В 11 примере сочетаются анадиплозис и эпифора Mondamin. В примерах 6,
7 совмещаются три вида повтора – подхват nothing, анафора nothing but и
эпифора английских и индейских названий камыша и скалы, эпифора Shaugodaya,
Faint heart; анафора hasten back и подхват back.
Благодаря конечному положению в повторяющихся стихотворных стоках
эпифорическому повтору предшествует значительный объем информации о
предмете, местности, лице и т.д., об их свойствах, качестве, характере, о
действиях, совершаемых лицом, божествами, животными, что усиливает роль
повтора-эпифоры в изложении повествования, его развитии и продвижении
вперед. Эпифорический повтор дает возможность размеренно, не торопливо
излагать события за событиями не перегружая повествование чрезмерным
количеством новых слов, как это сделано в описании места, где жила Nokomis,
бабушка Гайаваты, в котором одновременно с эпифорой используются анафора и
подхват.
13. Bright before it beat the water,
Beat the clear and sunny water,
Beat the shining Big-Sea-Water. (III, 71-73)

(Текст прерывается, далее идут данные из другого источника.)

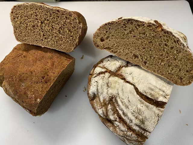 Cut loaves of rye, yeast on right, sourdough on left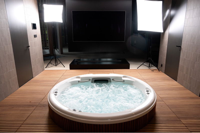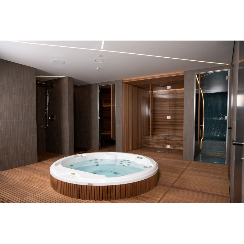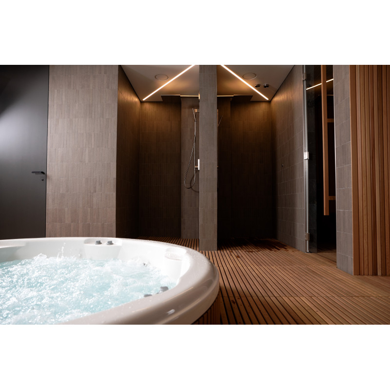 Voor dit project werd gekozen voor een hydromassagebad van de oorspronkelijke fabrikant "Jacuzzi" , waarbij alle aansluit-, opstart- en testprocedures volledig volgens de technische normen werden uitgevoerd. Dit zwembad staat symbool voor comfort en betrouwbaarheid en garandeert een eersteklas ontspanningservaring.

Конечное положение повтора-эпифоры в значительной степени
предопределяет также его основное стилистическое значение. Лонгфелло часто
использует эпифорический повтор для выделения самого важного в
высказывании, для привлечения внимания читателя к ключевому слову в
высказывании. Как в случаях повтора самой реалии, так и в случаях повтора
через английский перевод или синонимический, повтор понятия в конце строки
усиливает его смысловую нагрузку. Здесь в одном направлении действуют как
повторение слова, так и его конечное положение в высказывании, которое, как
правило, является местом логического предиката высказывания. Из
вышеприведенных примеров эпифорически повторяющиеся слова являются
ключевыми в восьми случаях (1, 2, 3, 4, 6, 7, 10, 11). В 5-м им является go
not, потому что намерение Гайаваты отправиться к отцу и сразиться с ним уже
известно и читателю и Nokomis. В 8 и 13 слова повтора-эпифоры образуют
отдельное высказывание. В 9-м примере – два высказывания и в обоих самыми
важными, несущими больше всего информации являются made a cloak, made a
banquet.
Помимо усиления коммуникативной значимости слова или словосочетания
эпифорический повтор может придавать дополнительную информацию
эмоциональности. В главе, повествующей о смерти друга Гайаваты необычайно
сильного Kwasind’а, эпифора его имени употребляется трижды, причем в
отличие от других случаев эпифоры его имя заключает три и четыре
последовательные стихотворные строки, потому что он является центральной
фигурой эпизода. Первая эпифора имени Kwasind приводится в нашей работе во
втором примере. Это четверостишие воспевает силу и известность этого героя,
с которым никто не осмеливается состязаться. Рассказчик гордится им, он
испытывает к нему уважение, и его расположение к герою ощущается слушателем
не только потому, что он использует такие слова, как «слава Квазинда»,
«известное всем его имя», «невозможность победить его в состязании», а
также потому что имя его повторяется в каждой строке отрывка. Вторая
эпифора имени Квазинда возникает в строфе после описания замысла карликов
Puk-Wudjies погубить этого сильного добряка из зависти, что они не обладают
такой же силой.
14. So the angry Little People
All conspired against the Strong Man,
All conspired to murder Kwasind,
Yes, to rid the world of Kwasind,
The audacious, overbearing,
Heartless, haughty, dangerous Kwasind! (XVIII, 22-27)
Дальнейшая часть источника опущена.